--- SUPPLIED DATA ---
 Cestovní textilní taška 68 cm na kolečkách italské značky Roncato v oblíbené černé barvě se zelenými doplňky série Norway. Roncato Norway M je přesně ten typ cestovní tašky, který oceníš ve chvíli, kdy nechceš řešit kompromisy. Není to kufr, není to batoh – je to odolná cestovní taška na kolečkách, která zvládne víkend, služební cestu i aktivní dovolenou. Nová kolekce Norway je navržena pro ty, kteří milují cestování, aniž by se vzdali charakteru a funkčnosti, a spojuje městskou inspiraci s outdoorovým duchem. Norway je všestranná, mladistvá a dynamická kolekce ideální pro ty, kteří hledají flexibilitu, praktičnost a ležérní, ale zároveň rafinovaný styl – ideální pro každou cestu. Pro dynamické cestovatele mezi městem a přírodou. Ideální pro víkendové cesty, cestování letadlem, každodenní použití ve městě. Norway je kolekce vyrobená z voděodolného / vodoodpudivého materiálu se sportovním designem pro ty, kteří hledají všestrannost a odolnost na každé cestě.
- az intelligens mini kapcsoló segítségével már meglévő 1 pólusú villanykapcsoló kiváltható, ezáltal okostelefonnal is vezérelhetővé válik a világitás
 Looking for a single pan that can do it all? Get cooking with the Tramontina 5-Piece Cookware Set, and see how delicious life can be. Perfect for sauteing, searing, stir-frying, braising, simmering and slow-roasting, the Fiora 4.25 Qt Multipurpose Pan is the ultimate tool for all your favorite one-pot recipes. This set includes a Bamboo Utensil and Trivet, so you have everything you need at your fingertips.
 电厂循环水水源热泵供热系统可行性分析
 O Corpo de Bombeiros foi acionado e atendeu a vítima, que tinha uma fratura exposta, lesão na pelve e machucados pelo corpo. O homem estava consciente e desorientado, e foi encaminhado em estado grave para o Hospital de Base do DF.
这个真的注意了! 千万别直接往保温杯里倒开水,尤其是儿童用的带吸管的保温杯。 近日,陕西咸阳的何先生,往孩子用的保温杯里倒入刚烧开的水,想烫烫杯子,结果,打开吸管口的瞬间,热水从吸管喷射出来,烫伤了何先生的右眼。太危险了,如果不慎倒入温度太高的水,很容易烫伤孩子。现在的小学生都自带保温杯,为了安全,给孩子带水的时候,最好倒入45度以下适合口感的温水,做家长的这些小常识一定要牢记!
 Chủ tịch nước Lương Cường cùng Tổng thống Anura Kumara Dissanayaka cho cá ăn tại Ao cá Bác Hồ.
---
--- SUPPLIED DATA ---
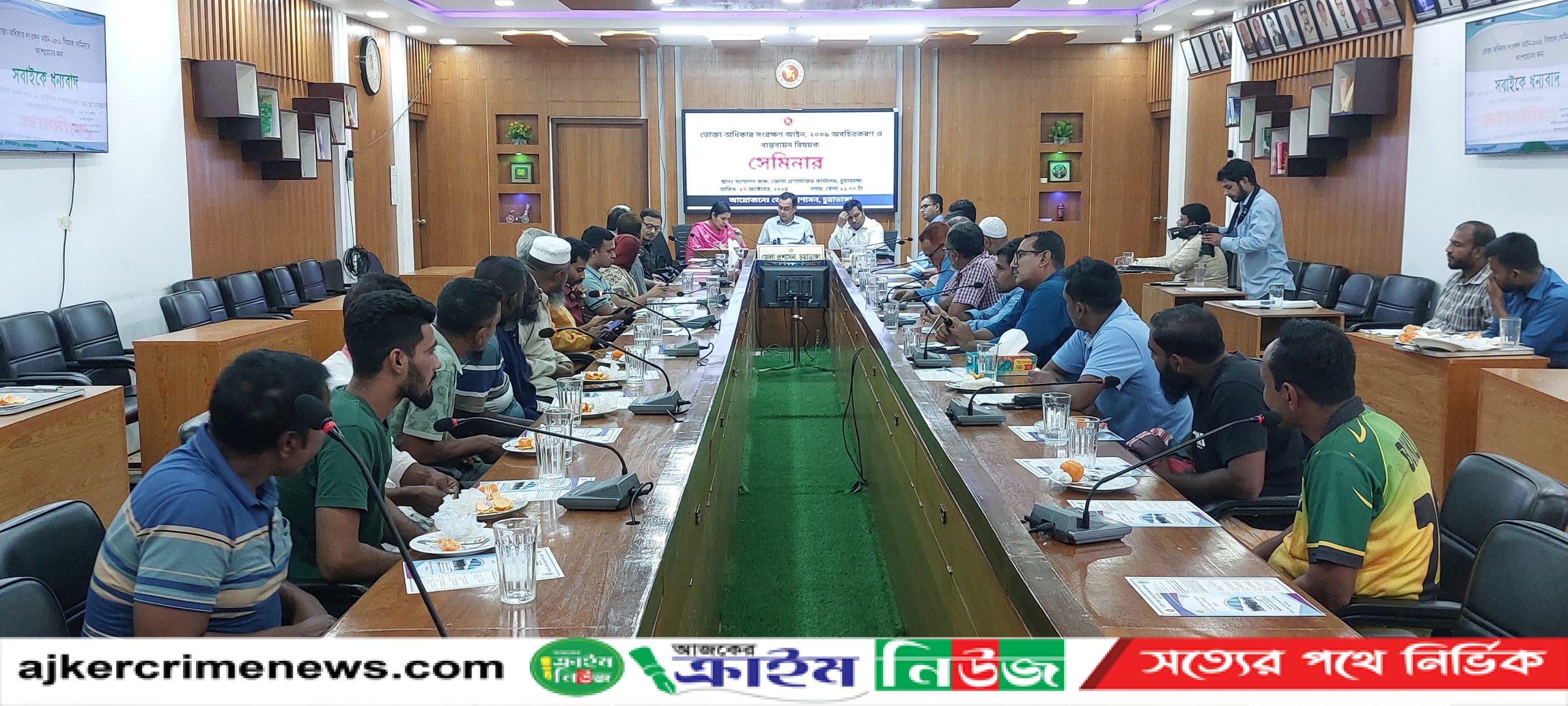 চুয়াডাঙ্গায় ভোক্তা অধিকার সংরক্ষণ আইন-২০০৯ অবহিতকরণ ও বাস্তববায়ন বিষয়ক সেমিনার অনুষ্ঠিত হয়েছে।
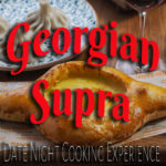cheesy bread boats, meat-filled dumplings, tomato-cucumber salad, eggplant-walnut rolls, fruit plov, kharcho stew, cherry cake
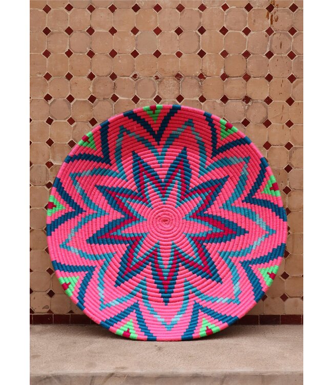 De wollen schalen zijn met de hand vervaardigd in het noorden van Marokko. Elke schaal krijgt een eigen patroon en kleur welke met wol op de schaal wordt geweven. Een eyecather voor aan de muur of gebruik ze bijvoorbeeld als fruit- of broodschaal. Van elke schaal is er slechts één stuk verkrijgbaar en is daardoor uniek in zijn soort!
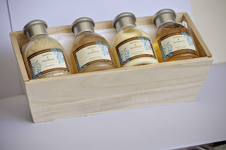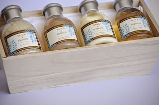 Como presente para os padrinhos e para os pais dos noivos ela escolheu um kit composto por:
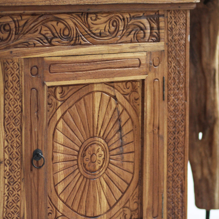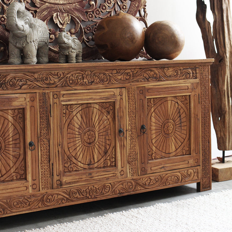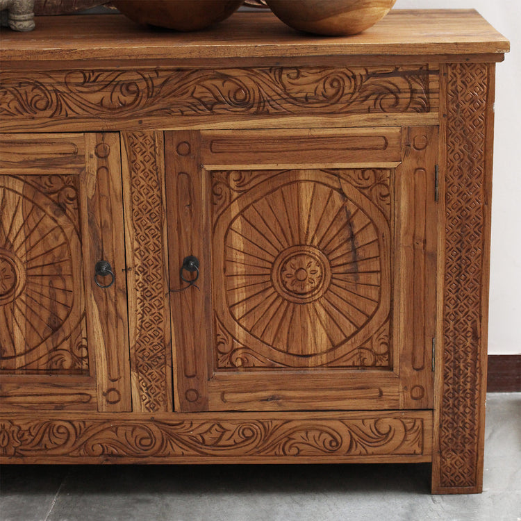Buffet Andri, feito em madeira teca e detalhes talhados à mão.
---
--- SUPPLIED DATA ---
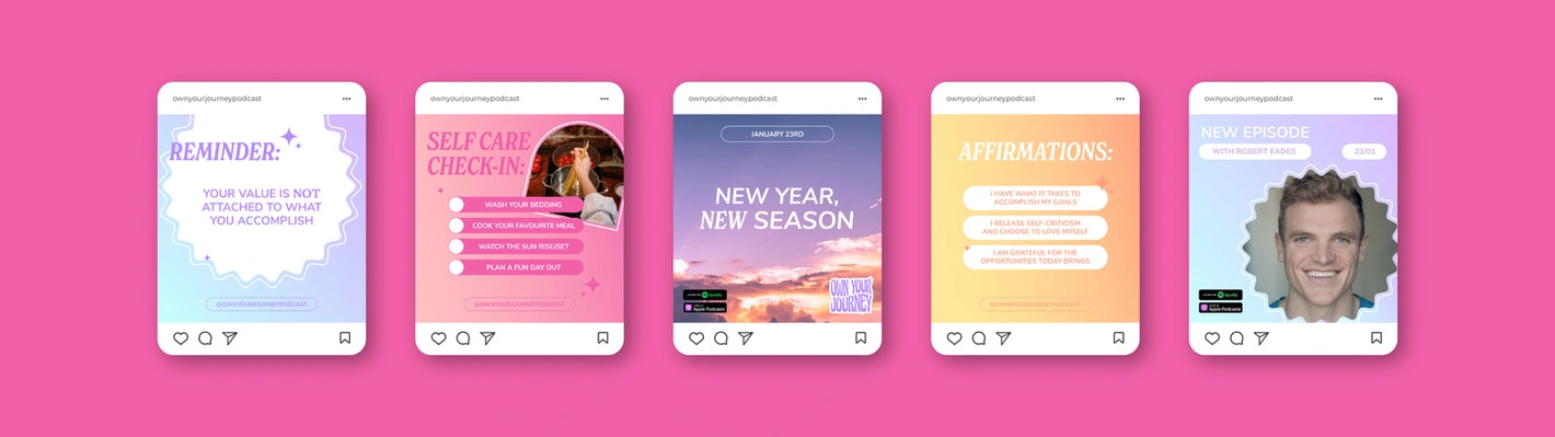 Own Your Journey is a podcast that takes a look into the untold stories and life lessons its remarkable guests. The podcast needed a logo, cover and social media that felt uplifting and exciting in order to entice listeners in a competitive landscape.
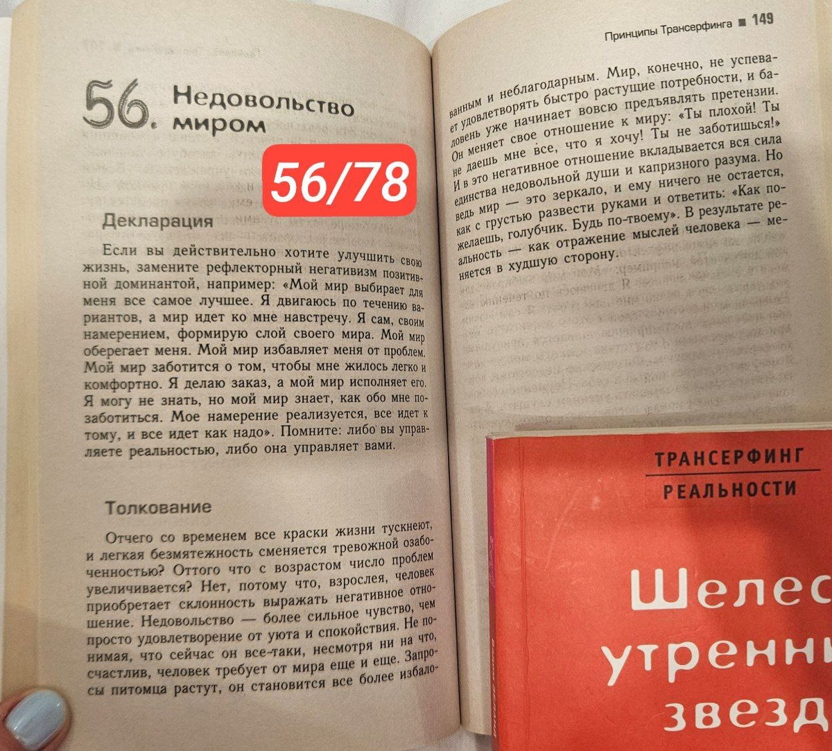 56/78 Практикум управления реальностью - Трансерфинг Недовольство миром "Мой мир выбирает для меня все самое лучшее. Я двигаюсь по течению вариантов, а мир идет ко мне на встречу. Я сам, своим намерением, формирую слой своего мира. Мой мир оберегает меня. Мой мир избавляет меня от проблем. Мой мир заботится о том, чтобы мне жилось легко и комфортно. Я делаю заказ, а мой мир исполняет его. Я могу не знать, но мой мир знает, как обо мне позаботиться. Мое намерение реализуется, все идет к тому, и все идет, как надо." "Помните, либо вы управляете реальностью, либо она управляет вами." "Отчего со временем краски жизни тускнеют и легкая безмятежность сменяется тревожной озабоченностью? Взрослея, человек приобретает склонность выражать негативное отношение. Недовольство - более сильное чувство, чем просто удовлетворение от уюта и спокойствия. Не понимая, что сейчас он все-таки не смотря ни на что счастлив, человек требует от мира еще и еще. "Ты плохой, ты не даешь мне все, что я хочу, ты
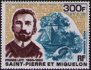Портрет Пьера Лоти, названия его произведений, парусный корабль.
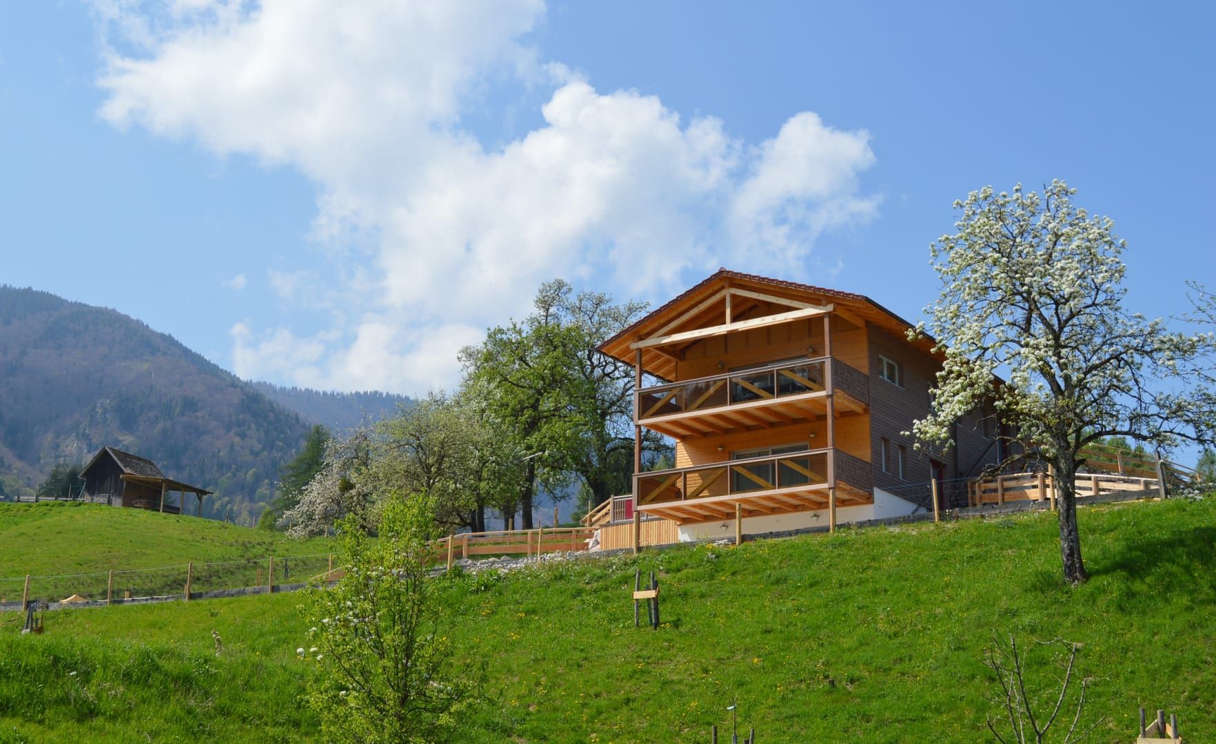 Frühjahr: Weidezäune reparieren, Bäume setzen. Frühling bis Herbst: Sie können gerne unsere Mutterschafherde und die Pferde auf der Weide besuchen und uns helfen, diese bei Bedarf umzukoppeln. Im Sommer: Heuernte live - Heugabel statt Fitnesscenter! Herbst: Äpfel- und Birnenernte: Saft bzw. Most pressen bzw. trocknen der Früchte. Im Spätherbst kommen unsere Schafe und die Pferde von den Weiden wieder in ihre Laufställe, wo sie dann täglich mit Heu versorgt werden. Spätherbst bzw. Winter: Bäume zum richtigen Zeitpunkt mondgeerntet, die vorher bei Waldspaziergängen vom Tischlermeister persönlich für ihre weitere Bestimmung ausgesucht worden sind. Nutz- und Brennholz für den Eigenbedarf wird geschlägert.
---
> **ASSIGNMENT**: All lines in the listing above between the line with "Looking for a" and the line with "Chủ tịch nước", inclusive, should be set down exactly, and no line outside that range.

> **REPLY**:
 Looking for a single pan that can do it all? Get cooking with the Tramontina 5-Piece Cookware Set, and see how delicious life can be. Perfect for sauteing, searing, stir-frying, braising, simmering and slow-roasting, the Fiora 4.25 Qt Multipurpose Pan is the ultimate tool for all your favorite one-pot recipes. This set includes a Bamboo Utensil and Trivet, so you have everything you need at your fingertips.
 电厂循环水水源热泵供热系统可行性分析
 O Corpo de Bombeiros foi acionado e atendeu a vítima, que tinha uma fratura exposta, lesão na pelve e machucados pelo corpo. O homem estava consciente e desorientado, e foi encaminhado em estado grave para o Hospital de Base do DF.
这个真的注意了! 千万别直接往保温杯里倒开水,尤其是儿童用的带吸管的保温杯。 近日,陕西咸阳的何先生,往孩子用的保温杯里倒入刚烧开的水,想烫烫杯子,结果,打开吸管口的瞬间,热水从吸管喷射出来,烫伤了何先生的右眼。太危险了,如果不慎倒入温度太高的水,很容易烫伤孩子。现在的小学生都自带保温杯,为了安全,给孩子带水的时候,最好倒入45度以下适合口感的温水,做家长的这些小常识一定要牢记!
 Chủ tịch nước Lương Cường cùng Tổng thống Anura Kumara Dissanayaka cho cá ăn tại Ao cá Bác Hồ.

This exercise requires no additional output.